At Georgia, Scott was an All-American and the Southeastern Conference Player of the Year in 1968. He played with the Dolphins from 1970 to 1976 and remains their career leader in interceptions and punt return yardage. He also started for the Redskins in 1976-78 and finished with 49 career interceptions.
“Jake made an impact from the day he joined the Dolphins,” the team said in a statement. “He teamed with Dick Anderson to form one of the top safety duos in NFL history.”
In six seasons with Miami, Scott never missed a game.
“If I had to be in a foxhole in a war and have somebody cover my backside,” Anderson said, “Jake would be my first choice.”
Scott played the final 11 games of his rookie season with a separated shoulder. He played in the Super Bowl the following season with a broken left hand and right wrist, each of which required a cast after the game.
However, a disagreement about Scott’s toughness caused his falling out with Shula in 1976. The relationship had been deteriorating for a couple of years when they had an argument in the locker room about whether Scott’s shoulder injury was serious enough to keep him out of a preseason game.
Shula suspended Scott and then traded him to the Redskins for safety Bryant Salter, who lasted only one season.
“I had to make a tough decision, and he had hard feelings about that,” Shula said in 1998. “I try to put it out of my mind and appreciate the contributions he made.”
Jacob E. Scott III was born July 20, 1945, in Greenwood, South Carolina. He grew up in Athens, Georgia, and was recruited as a receiver by Dooley, who then moved Scott to safety.
Scott is remembered in Athens for the time he rode a motorcycle across the roof of Stegeman Coliseum, but also for his two seasons with the Bulldogs. He led the SEC in interceptions each year and in punt return yardage in 1968, when he helped Georgia win the conference championship.
Dooley called Scott the greatest player he ever coached, ranking him ahead of even Herschel Walker.
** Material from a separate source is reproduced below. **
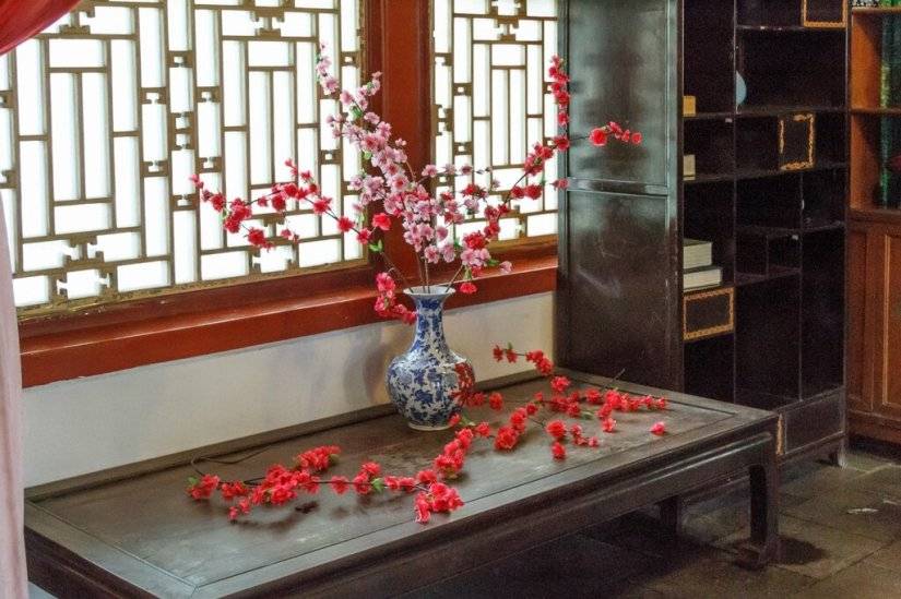В китайском интерьере большое внимание уделялось оформлению окон, которые являлись украшением комнаты. Окна были украшены частыми перегородками с замысловатыми деталями

Scott was inducted into the College Football Hall of Fame in 2011.
He left Georgia after his junior season and spent one year with British Colombia in the Canadian Football League. The Dolphins drafted him in the seventh round in 1970, and he became a starter as a rookie.
Scott made Miami’s No. 13 famous more than a decade before Dan Marino wore the same number, and he became the NFL’s first $100,000-a-year defensive back.
In 2019, Scott wrote a column for the Dolphins website reflecting on the perfect season.
“It really was a hell of an accomplishment,” he said. “How many teams get that lucky? We were lucky. In fact our team the next year was a better football team. … We were lucky, but we were good.”
Scott typified the championship Dolphins in the same way his mutton-chop sideburns typified early 1970s style. The free safety was a free spirit, but also wily.
“The brightest player I ever played with,” Anderson said.
One example: In 1973, the Dolphins were clinging to a late six-point lead against the Pittsburgh Steelers on Monday Night Football when they took an intentional safety to avoid punting from their end zone, and the TV crew praised the tactical genius.
“Shula’s ahead of us all!” announcer Howard Cosell exclaimed.
The intentional safety was suggested to Shula by Scott. The ploy paid off in a 30-26 victory.
Scott never married. In retirement he invested wisely, owned rental property and liked to fish, hunt, play golf and travel — even to Georgia or Miami, but without fanfare.
“He has just never been into self-promotion, and it has really hurt him in terms of recognition,” Dolphins teammate Jim Mandich once said. “This is a guy who for six or seven years played his position as well as it has ever been played.”